Wikimotive Spun Roulette
Posted on by Daniel Hinds
Categories: Copywriting Tagged: , , , , , , , , , , , , , ,

In the course of the daily research we do here at Wikimotive, we encounter a lot of the same questions over and over again. The pattern is pretty clear, everyone agrees on a subject and then Google performs another update and suddenly we have to reheat the same old gristle and see if it tastes any better this time around. The latest piece of inedible meat we’ve been encountering is the idea of content spinning. Since the late January Panda update, people seem to think that spinning the content on their blogs for marketing on Facebook or Twitter is a good idea.

It’s not.

We understand the appeal of content spinning. Who wouldn’t want to write a single article, spin it right round (like a record, baby) and then have another version, essentially doubling your unique content? The problem is that when you aren’t blogging for humans, humans can tell. Even the best article spinners read stilted and foreign. As an example, I ran the first paragraph of this blog through a spinner, and this is what I got:

Wikimotive Spun Article
Is that really something you want to associate with your name or your business?

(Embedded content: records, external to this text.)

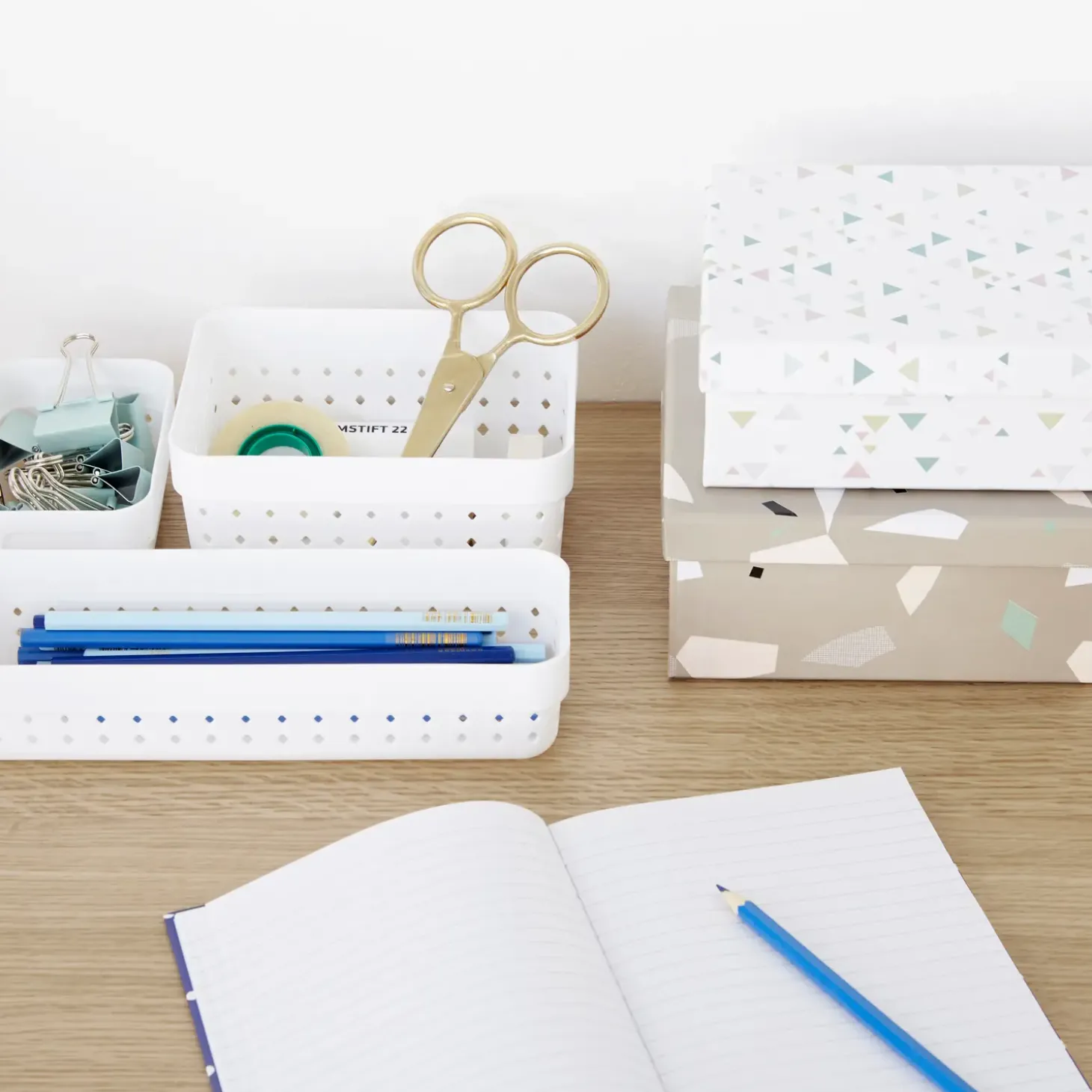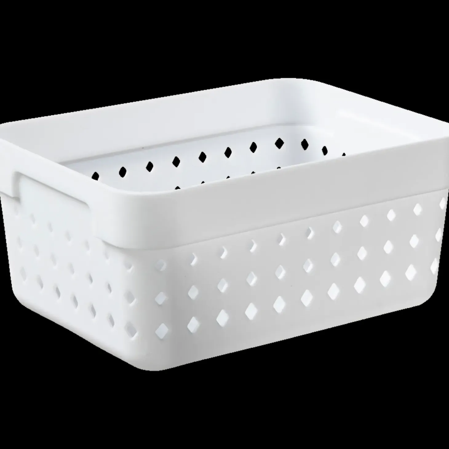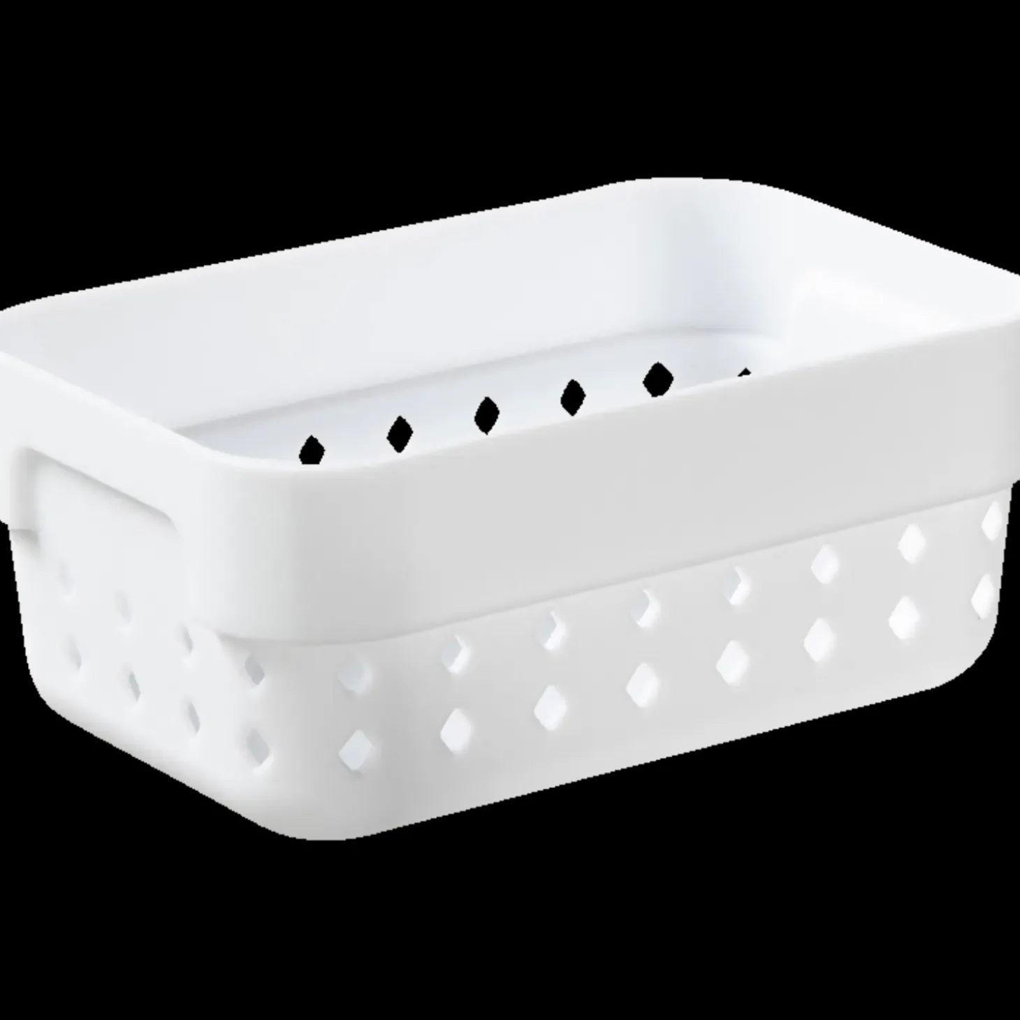 Praktisk små plastkurve der tilbyder et smukt og elegant organiseringssystem til småting, og det passer til ethvert rum i hjemmet. Designet inkluderer diamantformede huller, som tilføjer et moderne look. Kurven af høj kvalitet er ideel til at organisere kuglepenne og andre kontorartikler. Den kan også være ideel til at organisere make-up og andre personlige ting.
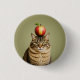 Un gato gracioso con una manzana balanceándose encima de su cabeza.
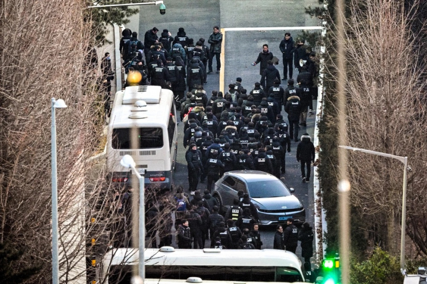 ސޯލްގައި ހުންނަ ދެކުނު ކޮރެއާގެ ރައީސް ޔޫން ސުކް ޔޮލްގެ ގެކޮޅު ކައިރީގައި ފުލުހުންގެ އޮފިސަރުން ހަރަކާތްތެރިވަނީ. ފޮޓޯ/ގެޓީ
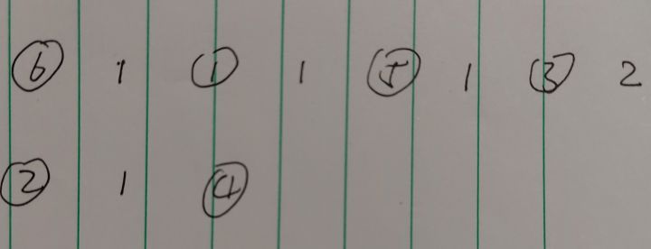 简单来记就是:⑥1①1⑤1③2②1④
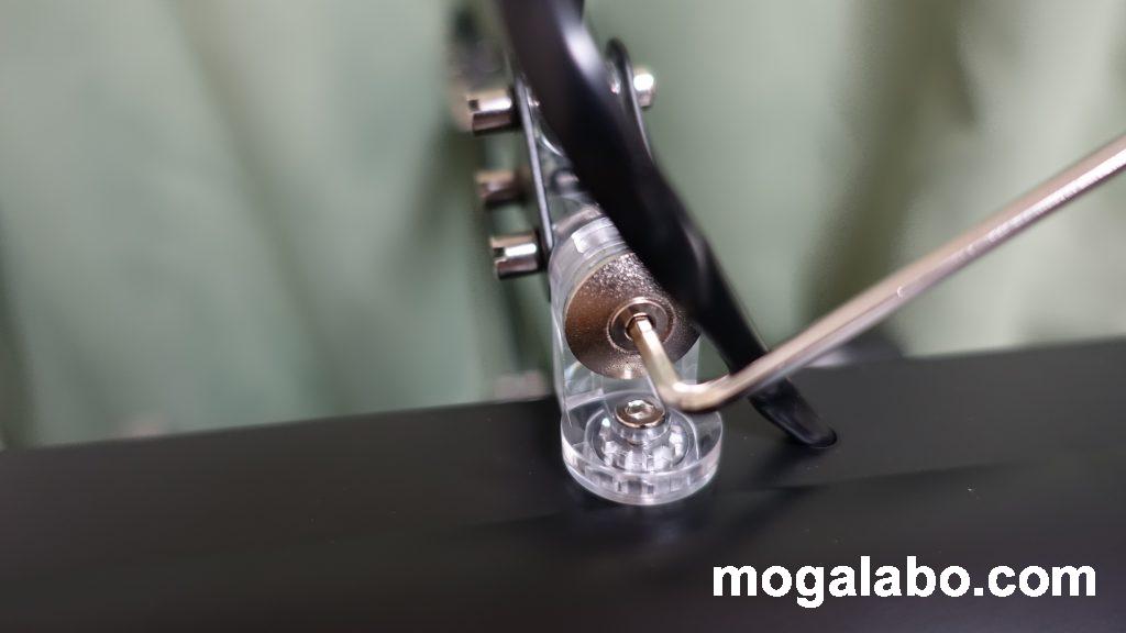 丸い筒状のセット金具を緩めると、挟み込む箇所が広がります。デスクに取り付ける際は締めつけて固定します。
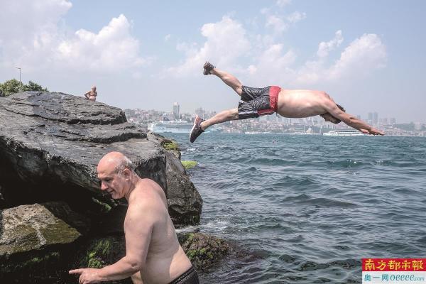 7月11日,在土耳其伊斯坦布尔,一名男子跳入海中游泳。

I understand there are article spinners that are better than the one I used in the example, but they aren’t good enough. Even if you don’t care about your audience and you’re just spinning the articles so you have more content for backlinks, it’s STILL not a good idea. Google can tell when an article is spun, even if it’s spun well. You may get away with it for a month, or a year, or however long, but eventually they will find you, and they will penalize you.

I know another common strategy is to use a spinner and then assist it by selecting the best synonyms from lists it generates. This works a lot better and you might even get away with it, but at that point you’re doing so much work, you might as well just write more original content!